In your video latent extraction script your have the following:

ANNO_FILE=annotation/video_text.jsonl
WIDTH=640
HEIGHT=384
NUM_FRAMES=121
  • This seems to be for the 384 model. Should that be changed for the 768 model?
  • Also, 121 frames is about 5 seconds at 24fps, which matches the 384 model. Should that be changed to 240 frames (10s) for the 768 model?
  • Is the ANNO_FILE meant to point to an empty file, which then gets populated by your script?

I'm confused, because otherwise, you would be stuck in a catch 22. Because your video_text.jsonl is meant to be the following format:
{"video": video_path, "text": text prompt, "latent": extracted video vae latent, "text_fea": extracted text feature}
As seen in this link. But how can you have video latent, if you're using the script to get the video latent... or am i missing something?
Are we mean to start with a basic annotation file like:

{"video": "/path/to/video1.mp4", "text": "A dog running in the park"}
{"video": "/path/to/video2.mp4", "text": "A car driving down the street"}

From your experience in training the original SD3 based model and from mini_flux:
what is the best format for the 768 model, for example:
What is the ideal length (frames) of each video?
What is the ideal frame rate for each video?
What is the ideal height for each video?
Is there a character limit to the captioning?
is there an ideal dataset size for a training run?
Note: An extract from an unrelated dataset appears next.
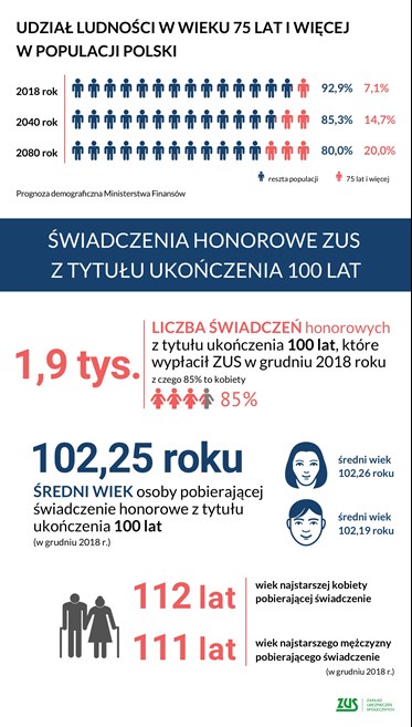 - Zdecydowanie przeważają kobiety - mówi Karol Jagielski, regionalny rzecznik prasowy ZUS. - Jest ich 75: w Szczecinie 50, w Koszalinie 25. Najstarszy 100-latek z tych świadczeniobiorców to kobieta, która ma 108 lat i mieszka w Szczecinie. W kraju również najstarsza jest pani i ma 112 lat. W naszym województwie średni wiek kobiet pobierających świadczenie honorowe to 102 lata, natomiast u mężczyzn jest on o pół roku wyższy.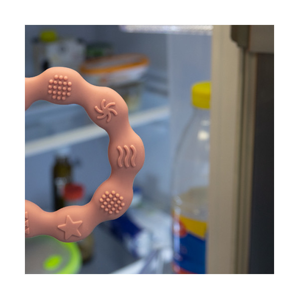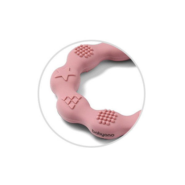 Silikónová hryzačka v tvare kruhu je nenahraditeľnou pomôckou pri prerezávaní prvých zúbkov.Dá sa schladiť v chladničke alebo možno na ňu aplikovať špeciálny gél. Tým pomáha uľaviť pri bolestiach ďasien spôsobených rastom zubov.Pružný a mäkký materiál rozmanitej textúry jemne masíruje ďasná bábätka.Vlastnosti:- mäkká a šikovná hryzačka navrhnutá presne do malých ručičiek- úľava od bolesti ďasien vďaka rozmanitému tvaru a výstupkom na povrchu- možnosť aplikácie gélu pri prerezávaní ďasien- možnosť chladenia v chladničke- geometrické vzory na hryzačke dieťa zaujmú, stimulujú a učia - materiál: bezpečný silikón- neobsahuje BPA- vhodná pre deti 0m+Rozmery (veľkosť balenia) 10 cm x 14 cmOdstráňte všetky bezpečnostné prvky z hračky, ktoré môžu byť nebezpečné pre dieťa.Pred každým podaním hračky dieťaťu skontrolujte jej kvalitu. Iba nepoškodená hračka zaručuje bezpečné používanie pre vaše dieťa. Hračku vyhoďte, akonáhle si všimnete prvé známky poškodenia.Hračka je odporúčaná pod dohľadom dospelej osoby.Hračka je v súlade s normou EN 71.Odporúčame uchovať obal na informačné účely.Obal uchovávajte na mieste neprístupnom deťom.Obal a upevňovacie prvky nie sú hračkou a môžu predstavovať nebezpečenstvo pre zdravie dieťaťa.Adresa dodávateľa: Babyono sp. z o.o., Kowalewicka 13, 60-002 Poznań, Poland. +48 61 83 90 520, info@babyono.pl, www.babyono.com

I'm also curious about experimenting with 360 video data sources, such as fisheye videos, cubemap videos, and equirectangular videos. These may require a different aspect ratio from 16:9 or 1:1, such as 2:1. Any thoughts/tips on how to best achieve good results? I would imagine, i may need to fine-tune the VAE for that.

Thanks in advance for your help, and thanks for sharing your code and scripts with the community. Awesome work.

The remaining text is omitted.